2. Second, university engineering education may need a third track. At the moment, in the United States, we largely have two broad models: associate’s degrees, which often emphasize practical workforce preparation, and bachelor’s degrees, which typically aim for a deeper and broader professional formation. Generative AI may force a sharper distinction within technical education itself. One track might optimize for high-leverage AI use in ordinary practice: specifying, orchestrating, validating, and integrating. Another must deliberately preserve deeper implementation capability: the ability to work close to the mechanism, reason from first principles, and reconstruct capability when the higher layer fails. Perhaps that means more five-year degree programs, or new kinds of majors, concentrations, and professional credentials. I do not know the right institutional form.
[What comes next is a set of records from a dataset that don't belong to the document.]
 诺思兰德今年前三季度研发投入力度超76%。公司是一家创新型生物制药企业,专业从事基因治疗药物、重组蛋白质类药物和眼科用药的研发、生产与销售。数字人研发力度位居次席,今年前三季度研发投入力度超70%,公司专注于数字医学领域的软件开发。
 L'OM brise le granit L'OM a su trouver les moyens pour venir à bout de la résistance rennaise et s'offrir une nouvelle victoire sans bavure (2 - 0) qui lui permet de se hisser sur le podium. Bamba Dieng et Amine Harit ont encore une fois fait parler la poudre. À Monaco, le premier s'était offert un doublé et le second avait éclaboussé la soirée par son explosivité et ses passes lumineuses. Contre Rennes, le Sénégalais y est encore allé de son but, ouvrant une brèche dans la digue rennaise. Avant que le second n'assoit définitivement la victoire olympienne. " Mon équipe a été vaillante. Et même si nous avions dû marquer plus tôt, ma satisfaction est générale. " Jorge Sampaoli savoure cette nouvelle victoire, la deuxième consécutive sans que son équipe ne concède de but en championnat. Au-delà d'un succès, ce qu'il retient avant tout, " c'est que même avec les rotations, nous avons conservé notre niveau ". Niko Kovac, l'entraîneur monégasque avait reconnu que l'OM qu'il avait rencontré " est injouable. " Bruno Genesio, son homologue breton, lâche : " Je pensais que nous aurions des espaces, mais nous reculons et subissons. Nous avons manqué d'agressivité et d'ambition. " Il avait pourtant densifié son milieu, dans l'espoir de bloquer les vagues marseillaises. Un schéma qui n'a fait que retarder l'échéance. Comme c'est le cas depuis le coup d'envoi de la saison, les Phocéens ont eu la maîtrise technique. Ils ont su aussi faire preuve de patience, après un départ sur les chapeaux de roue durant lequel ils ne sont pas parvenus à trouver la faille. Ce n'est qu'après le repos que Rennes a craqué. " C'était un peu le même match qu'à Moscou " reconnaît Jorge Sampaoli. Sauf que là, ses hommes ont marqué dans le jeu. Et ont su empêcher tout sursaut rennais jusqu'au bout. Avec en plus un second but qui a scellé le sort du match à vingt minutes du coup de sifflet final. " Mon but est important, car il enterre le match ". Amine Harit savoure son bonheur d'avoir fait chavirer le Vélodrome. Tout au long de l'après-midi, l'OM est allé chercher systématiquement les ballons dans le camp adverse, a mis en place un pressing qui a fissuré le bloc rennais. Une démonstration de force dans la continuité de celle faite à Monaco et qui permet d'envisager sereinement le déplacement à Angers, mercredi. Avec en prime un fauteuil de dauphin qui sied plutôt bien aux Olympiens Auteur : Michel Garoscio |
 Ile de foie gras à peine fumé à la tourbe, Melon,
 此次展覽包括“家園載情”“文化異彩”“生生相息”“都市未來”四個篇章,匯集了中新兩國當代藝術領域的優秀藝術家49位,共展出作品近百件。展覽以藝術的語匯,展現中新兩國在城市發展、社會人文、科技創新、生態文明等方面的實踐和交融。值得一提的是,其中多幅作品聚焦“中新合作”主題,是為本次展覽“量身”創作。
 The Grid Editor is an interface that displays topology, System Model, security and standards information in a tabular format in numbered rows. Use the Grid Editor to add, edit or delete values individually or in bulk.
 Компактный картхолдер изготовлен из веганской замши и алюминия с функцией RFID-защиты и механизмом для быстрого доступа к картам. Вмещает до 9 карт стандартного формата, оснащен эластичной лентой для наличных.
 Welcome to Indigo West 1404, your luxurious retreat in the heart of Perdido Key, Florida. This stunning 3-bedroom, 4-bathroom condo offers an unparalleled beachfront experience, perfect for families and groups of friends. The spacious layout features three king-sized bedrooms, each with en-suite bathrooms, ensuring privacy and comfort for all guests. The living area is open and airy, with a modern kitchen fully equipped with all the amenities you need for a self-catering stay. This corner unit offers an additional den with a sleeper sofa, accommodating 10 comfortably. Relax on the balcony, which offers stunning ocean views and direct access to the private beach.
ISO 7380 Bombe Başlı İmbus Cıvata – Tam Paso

But preserving this deeper layer of technical competence should become a national priority. We should also say so plainly to students: overreliance on generative AI can make you more productive while also making you less capable. Formalizing that distinction through degree structures may help communicate the point. Right now, all most faculty can do is ask students not to become dependent on a system the country is simultaneously telling them to depend on. That is a contradiction, not a strategy.
3. Third, AI Dependence should be regulated the way other systemic dependencies are regulated. Companies optimize for good times. Regulators mandate enough inefficiency to survive bad times. We do not let banks maximize short-term return by lending without limit. We require capital reserves and stress tests because a bank optimized only for good times becomes dangerous in bad times. The same logic applies here: an organization that shifts too much of its operational competence onto generative AI becomes highly efficient under normal conditions, but fragile under disruption. A national regulatory framework could therefore require some organizations — critical firms, national labs, the Department of Defense, and similar actors — to demonstrate a sub-GenAI competency reserve: a real, exercised ability to continue essential operations when AI service is degraded, unavailable, or untrustworthy. These organizations should also be stress tested under simulated model outages or severe service degradation to verify that they can still perform critical functions in degraded mode. The goal is not to make the USA AI-independent, but to prevent critical organizations from becoming AI-insolvent.

Conclusion

I am not arguing against the adoption of generative AI. The productivity gains are real, and it would be foolish for firms, universities, and governments to ignore them. A country that refused to use a technology with clear leverage effects on writing, coding, design, analysis, and scientific work would be choosing self-imposed decline. That is why the present national push toward AI adoption is so easy to understand. It promises more output, faster iteration, and a higher level of abstraction for an enormous share of knowledge work. But productivity is not the only national objective! Resilience matters too. A system that is optimized only for performance in normal conditions becomes brittle under disruption. If generative AI becomes the default substrate for technical and professional work, then the United States may gain economic speed while also increasing strategic fragility. Our national capability may come to depend on a centralized service layer that many institutions no longer know how to do without.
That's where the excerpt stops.